▸ SUPPLIED MATERIAL
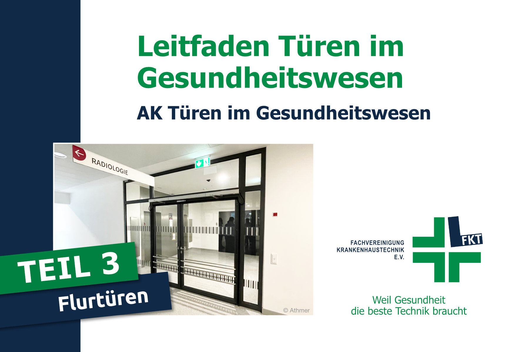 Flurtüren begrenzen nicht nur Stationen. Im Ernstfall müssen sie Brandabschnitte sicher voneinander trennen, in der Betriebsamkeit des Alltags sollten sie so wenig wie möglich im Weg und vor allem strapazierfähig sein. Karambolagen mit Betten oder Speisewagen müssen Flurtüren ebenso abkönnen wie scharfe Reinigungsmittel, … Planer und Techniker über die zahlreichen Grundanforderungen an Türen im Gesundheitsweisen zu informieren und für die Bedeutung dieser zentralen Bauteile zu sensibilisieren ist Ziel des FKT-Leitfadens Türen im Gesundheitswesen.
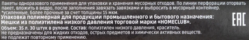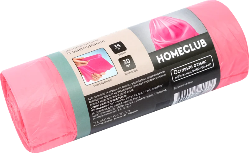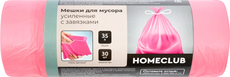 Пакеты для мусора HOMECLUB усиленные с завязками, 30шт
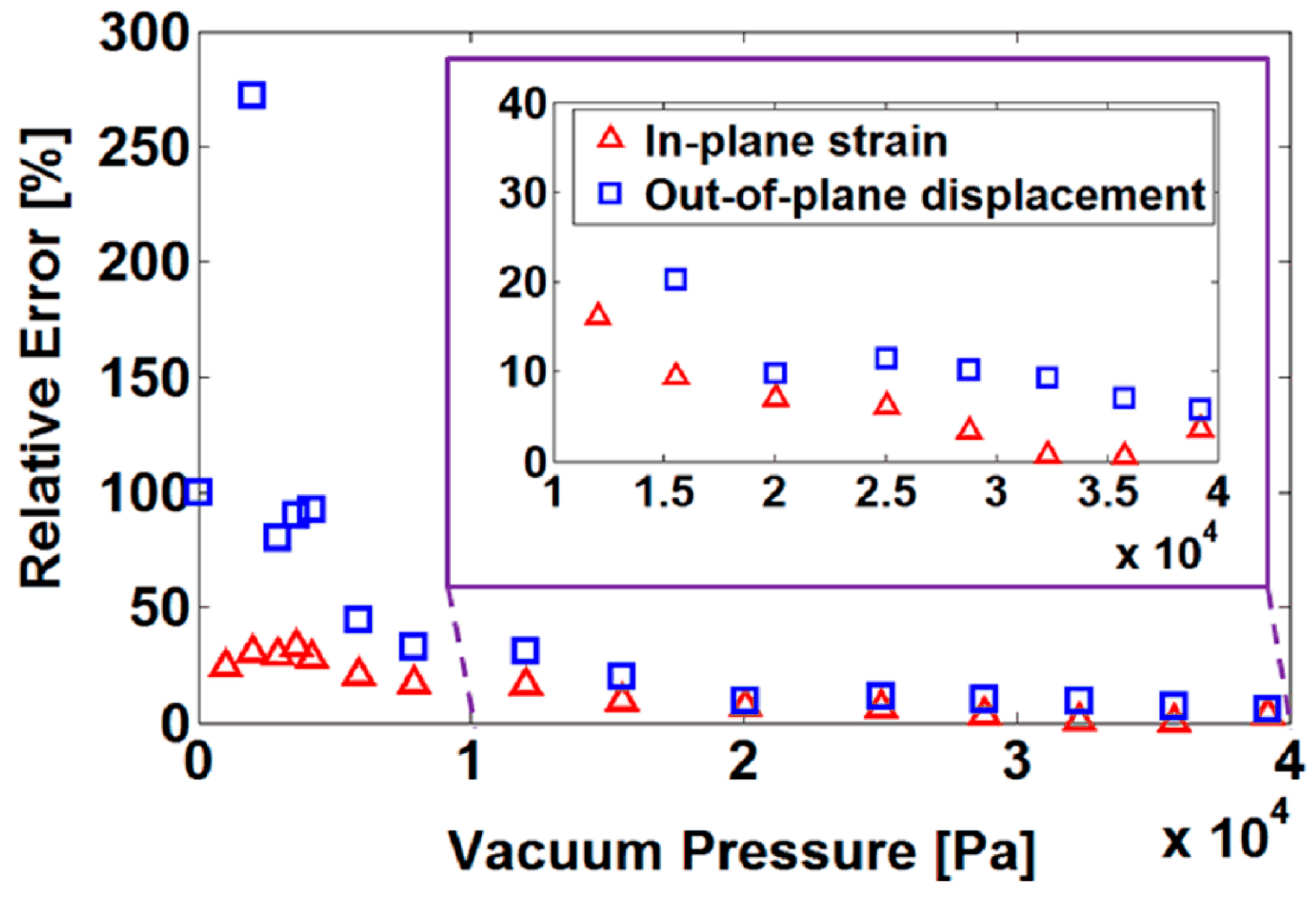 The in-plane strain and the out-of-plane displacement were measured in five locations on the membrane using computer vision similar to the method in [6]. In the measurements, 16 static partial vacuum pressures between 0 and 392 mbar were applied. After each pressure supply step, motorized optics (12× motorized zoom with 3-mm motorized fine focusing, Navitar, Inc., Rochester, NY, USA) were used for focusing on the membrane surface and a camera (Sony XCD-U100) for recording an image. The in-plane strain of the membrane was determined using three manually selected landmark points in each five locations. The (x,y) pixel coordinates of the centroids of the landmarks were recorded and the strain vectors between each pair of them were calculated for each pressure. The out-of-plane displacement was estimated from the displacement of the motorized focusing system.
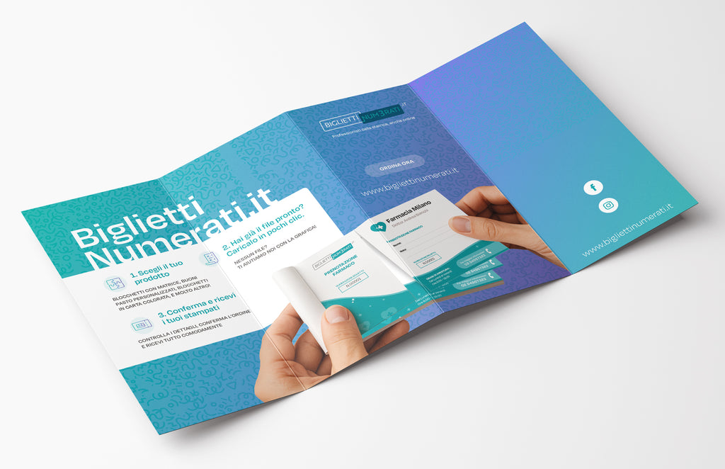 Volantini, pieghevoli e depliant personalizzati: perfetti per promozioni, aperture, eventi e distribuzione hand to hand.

▸ REQUIREMENT
Could you copy the lines above exactly and skip the images?

▸ ANSWER SECTION
 Flurtüren begrenzen nicht nur Stationen. Im Ernstfall müssen sie Brandabschnitte sicher voneinander trennen, in der Betriebsamkeit des Alltags sollten sie so wenig wie möglich im Weg und vor allem strapazierfähig sein. Karambolagen mit Betten oder Speisewagen müssen Flurtüren ebenso abkönnen wie scharfe Reinigungsmittel, … Planer und Techniker über die zahlreichen Grundanforderungen an Türen im Gesundheitsweisen zu informieren und für die Bedeutung dieser zentralen Bauteile zu sensibilisieren ist Ziel des FKT-Leitfadens Türen im Gesundheitswesen.
 Пакеты для мусора HOMECLUB усиленные с завязками, 30шт
 The in-plane strain and the out-of-plane displacement were measured in five locations on the membrane using computer vision similar to the method in [6]. In the measurements, 16 static partial vacuum pressures between 0 and 392 mbar were applied. After each pressure supply step, motorized optics (12× motorized zoom with 3-mm motorized fine focusing, Navitar, Inc., Rochester, NY, USA) were used for focusing on the membrane surface and a camera (Sony XCD-U100) for recording an image. The in-plane strain of the membrane was determined using three manually selected landmark points in each five locations. The (x,y) pixel coordinates of the centroids of the landmarks were recorded and the strain vectors between each pair of them were calculated for each pressure. The out-of-plane displacement was estimated from the displacement of the motorized focusing system.
 Volantini, pieghevoli e depliant personalizzati: perfetti per promozioni, aperture, eventi e distribuzione hand to hand.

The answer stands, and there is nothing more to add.